If can optionally specify the flavor of the model you are loading and framed will automatically apply a set of rules to improve compatibility (for example, removing boundary metabolites):
model = load_cbmodel('my_model.xml', flavor='fbc2')
For kinetic models:
from framed import load_odemodel
model = load_odemodel('my_model.xml')
Saving models¶
If you apply any kind of changes to a model, you can easily save your model as follows:
from framed import save_sbml_model
save_sbml_model(model, 'my_output_file.xml')
For constraint-based models you can also specify a specific flavor (this is useful for converting between different flavors):
save_sbml_model(model, 'my_output_file.xml', flavor='cobra')
Human readable format¶
Additionally, framed introduces a new shorthand notation for import/export of models in an human-readable format
(You can see this format by typing print model).
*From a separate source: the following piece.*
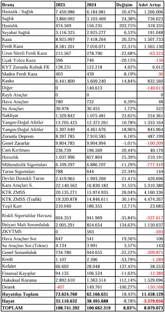 Şirketler, 2024’ün aynı döneminde ise 62.1 milyonu hayat dışı, 38.4 milyonu hayat olmak üzere toplam 100.6 milyon adet poliçe üretmişti. Geçen yıl ile mukayese edildiğinde 8 milyonun üzerinde poliçe üretim artışı gerçekleştirildi. Bu da yüzde 8’lik poliçe artışı anlamına geliyor. Buna göre, hayat dışı sigortalar geçen yılın aynı dönemine göre 11.4 milyon adet artarken, hayat sigortasında ise 3.3 milyon adet düşüş gözlendi.
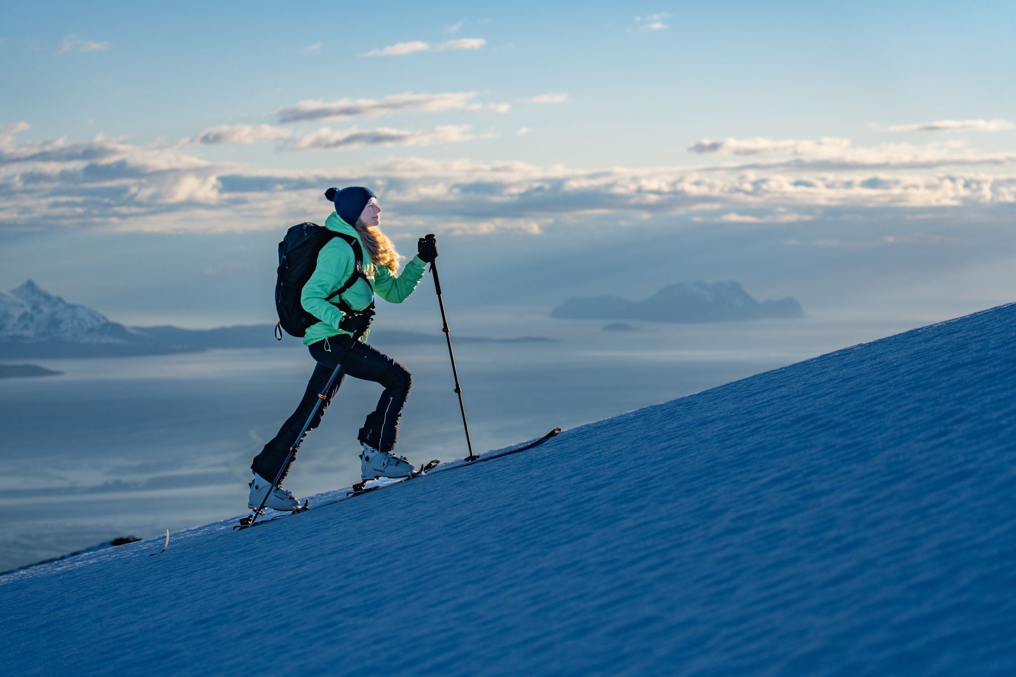 Women's windproof, breathable Soracte pants for ski touring, cross-country skiing, and outdoor activities. Anatomical fit, elastic knees, and reflective details ensure comfort and safety.

from framed import read_cbmodel_from_file, write_model_to_file
model = read_cbmodel_from_file('my_file.txt')
write_model_to_file(model, 'my_new_file.txt')
Note: This format is not yet available for kinetic models.
Model manipulation¶
Once you load a model you can easily access the model’s attributes perform different kinds of operations using the model object. Note that some operations might be specific to constraint-based or kinetic models.
You can quickly look at your model by printing it:
print model
R_ACALD: M_acald_c + M_coa_c + M_nad_c <-> M_accoa_c + M_h_c + M_nadh_c
R_ACALDt: M_acald_e <-> M_acald_c
R_ACKr: M_ac_c + M_atp_c <-> M_actp_c + M_adp_c
R_ACONTa: M_cit_c <-> M_acon_C_c + M_h2o_c
R_ACONTb: M_acon_C_c + M_h2o_c <-> M_icit_c
(...)
You can also inspect particular metabolites and reactions.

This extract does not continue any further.